From the TUC

Time for the Robin Hood Tax to go local

11 Jun 2013, By

Campaigning for a Robin Hood Tax has taken me from planning meetings in Congress House with Comic Relief’s Richard Curtis to protests in revolutionary Tunis, an interview with Australian radio sat on the doorstep of my nephews’ Melbourne bungalow and lobbying in the US Congress with a Labour Shadow Minister. We’ve decorated the outside of the Bank of England with a light show, and painted an actor in Cannes to represent an ailing global economy tended by Bill Nighy and members of the National Nurses of America. The Nepalese campaign visited a whole load of Ambassadors in exotic-sounding Kathmandhu ahead of the 2011 G20 summit.

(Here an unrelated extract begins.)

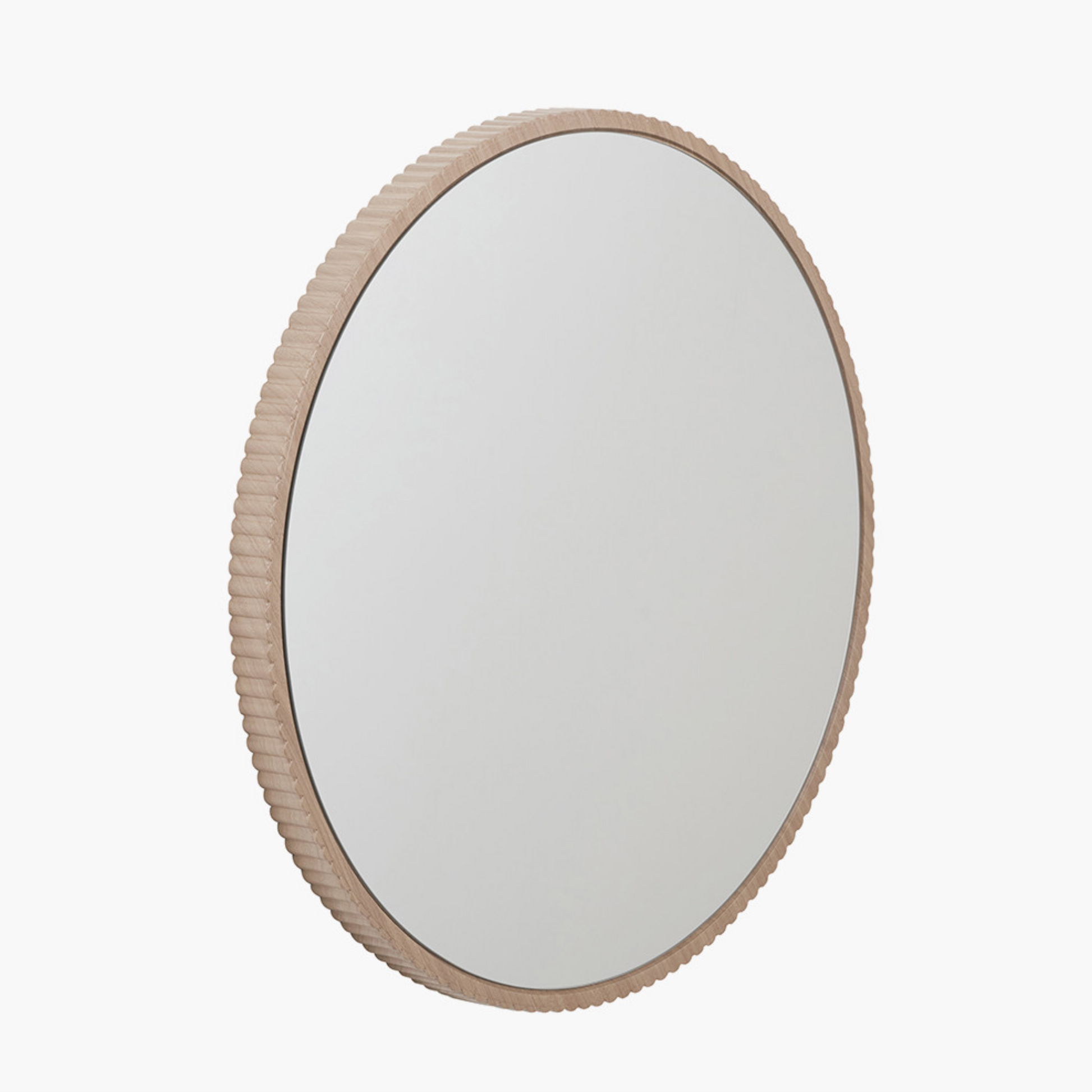 Natural Oak Wood Veneer Textured Edge Round Wall Mirror

A Brazilian legislator was so impressed by the campaigners at the Rio+20 climate talks that he wore his green Robin Hood Tax hat into Congress the next day. Robert Reich’s just signed a letter in favour of the tax, Archbishop Desmond Tutu’s written an editorial and Baroness Shirley Williams guest edited Radio 4’s Today on the subject. The Zero Zero Cinque campaign in Italy and the Steuergegenarmut campaign (for a tax against poverty) in Germany are key allies.

11 European Union member states are negotiating the implementation of the tax (whatever the financial sector spin doctors tell you!) and the UN and Vatican have endorsed an idea that even the International Monetary Fund agrees is progressive and practicable.

So what more do we need for the campaign to take off? We want your local Council to back the tax, and we want you to talk to your Councillors (or email them) to make that happen.  And that’s not all… 

We want all the councils across the country to pass a motion declaring their support. We need you to get all your friends, family and work mates to contact their Councillors. Spread the word on twitter, facebook, and whatever else you use. If you’re a member of a political party, raise the issue there. There are a host of materials on the Robin Hood Tax campaign website.

The government cuts to public services will hurt everyone. Local councils have been hit the worst. A Robin Hood Tax could help provide money for local councils and services, and redirect resources away from the City of London and fat cat bankers’ bonus packages towards local communities across the country. Ordinary people have been paying a harsh price for the financial crisis – it’s about time the banks paid their fair share for the crash that they helped cause.

Robin Hood’s coming to your town. Ask your local councillors to take a stand for the Robin Hood Tax.